AI Researcher @ MIT, Princeton, Oxford - Professional Speaker
Nicholas André G. Johnson has engaged in optimization and machine learning research at MIT, Princeton University, Oxford University and the Montreal Institute of Learning Algorithms. He is currently a PhD student in Operations Research, the study of how to make good decisions with limited information in uncertain environments, at MIT where he is working towards developing a more unified theory of optimization and machine learning.
Nicholas holds an undergraduate degree with highest honours in operations research and financial engineering with minors in computer science, statistics and machine learning, and applied and computational mathematics from Princeton University. He was the Valedictorian of Princeton’s Class of 2020 and is the first Black Valedictorian in the University’s 274 year history. His undergraduate thesis focused on developing high performance, efficient algorithms to solve a network based optimization problem that models a community based preventative health intervention designed to curb the prevalence of obesity in Canada.

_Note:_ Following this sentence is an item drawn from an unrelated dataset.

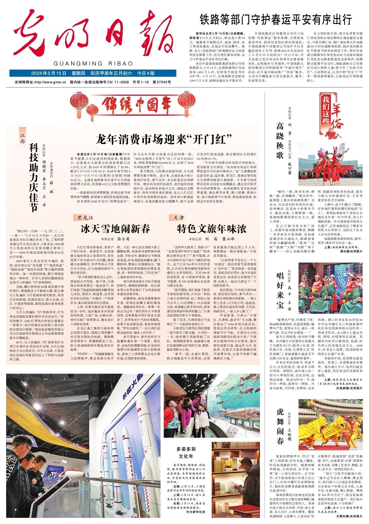 甲辰新春,天津以“中国红、天津味、盛世年”为主题,整合推出了1000余项文旅活动,营造出欢乐祥和、红火热闹的津城节日气氛。天津市文化和旅游局副局长陈冰介绍:“天津突出地域年俗文化特色,强化特色场景打造,通过多元化、体验型、沉浸式文旅场景撬动春节消费市场,让春节的喜气铺满津沽大地。”

Nicholas has interned as a software engineer at Google and as a quantitative developer at the D. E. Shaw Investment Group, and has conducted and presented international sustainable engineering projects at the United Nations Headquarters. He is a member of the Phi Beta Kappa, Tau Beta Pi and Sigma Xi honor societies. Nicholas has previously been featured by the New York Times, CNN, ABC News, Time and BET.

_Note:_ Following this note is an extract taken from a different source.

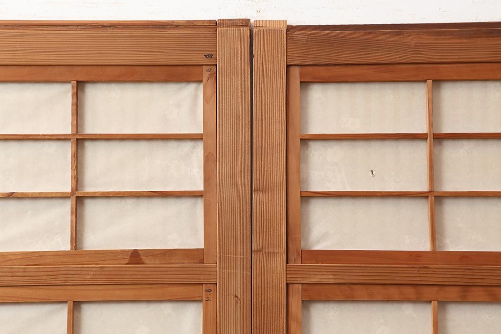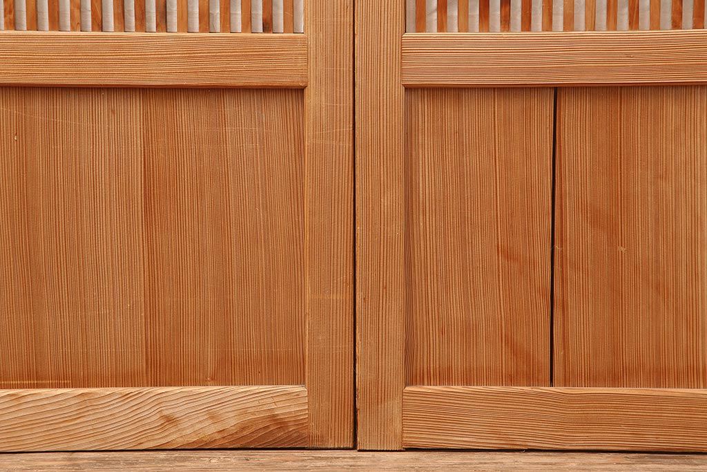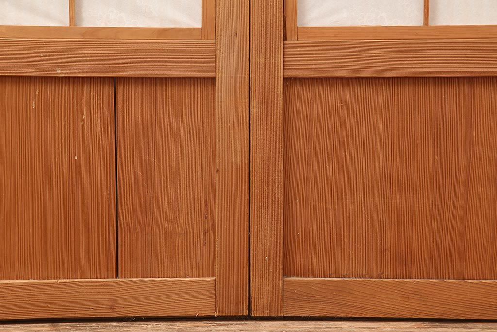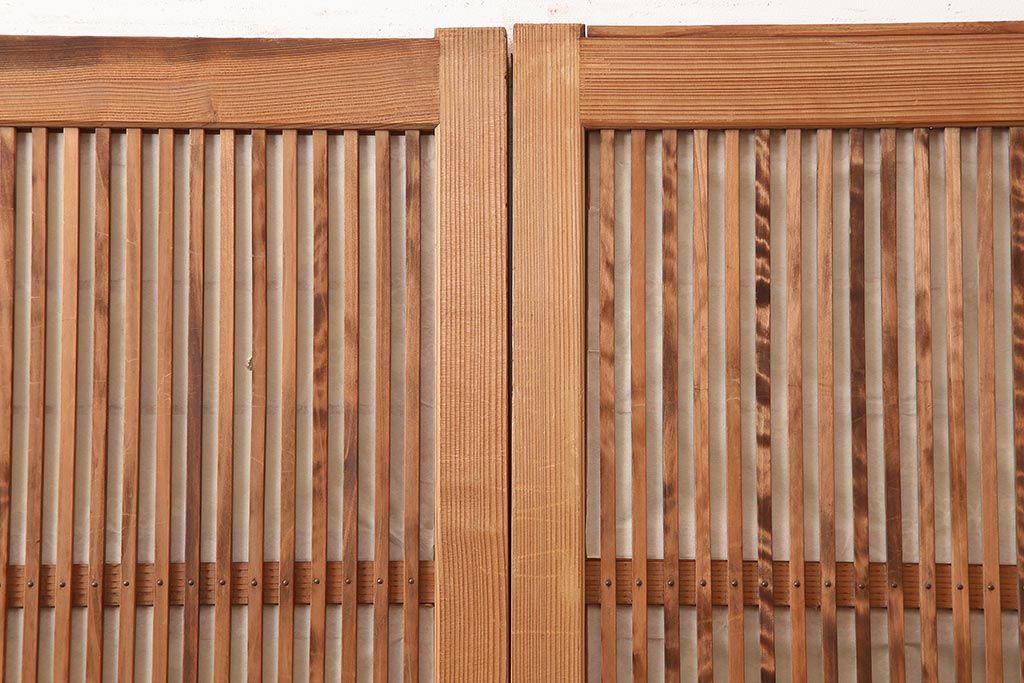 ラフジュ工房> ドア・建具> 板戸・帯戸 > アンティーク建具 昭和中期 裏障子付き 和風スタイルにおすすめな帯格子戸2枚セット(障子戸、引き戸、建具)(R-045839)

As a professional speaker, Nicholas is an advocate for educational attainment in marginalized communities and increased representation in STEM industries. Through his consulting work, Nicholas helps corporations leverage state of the art technology to optimize their business operations.
Nicholas’ current research is focused on making methodological and algorithmic contributions to discrete optimization and leveraging modern advances in discrete optimization to solve central machine learning problems exactly at scale without using heuristics. He has a particular interest in working on applied problems in healthcare and finance. Nicholas is advised by Professor Dimitris Bertsimas at MIT. Hover over the boxes below to learn more about some of his past research work!

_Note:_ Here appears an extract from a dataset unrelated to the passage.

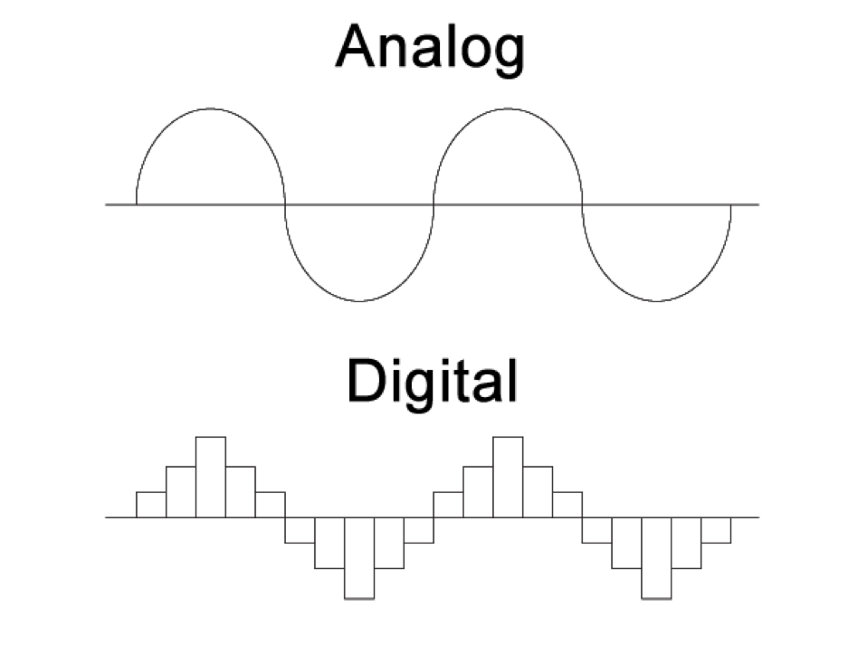 除了生、死、日出、日落等離散事件,自然界的現象確實以模擬為主。氣温是連續變化的,不會跳變;色彩是連續漸變的,沒有分明的界限;等等。數字信號只能是離散的逼近,而且永遠有截斷誤差,如圖所示。另一方面,由於模擬量的無窮連續性,所以也可以無限放大,具有無限分辨力。

(Currently under review - link coming soon)
Sequential Stochastic Network Structure Optimization with Applications to Addressing Canada's Obesity Epidemic
In this work, we introduce a novel mathematical network model for community level preventative health interventions. We develop algorithms to approximately solve this novel formulation at large scale and we rigorously explore their theoretical properties. We create a realistic simulation environment for interventions designed to curb the prevalence of obesity occurring in the region of Montreal, Canada, and use this environment to empirically evaluate the performance of the algorithms we develop.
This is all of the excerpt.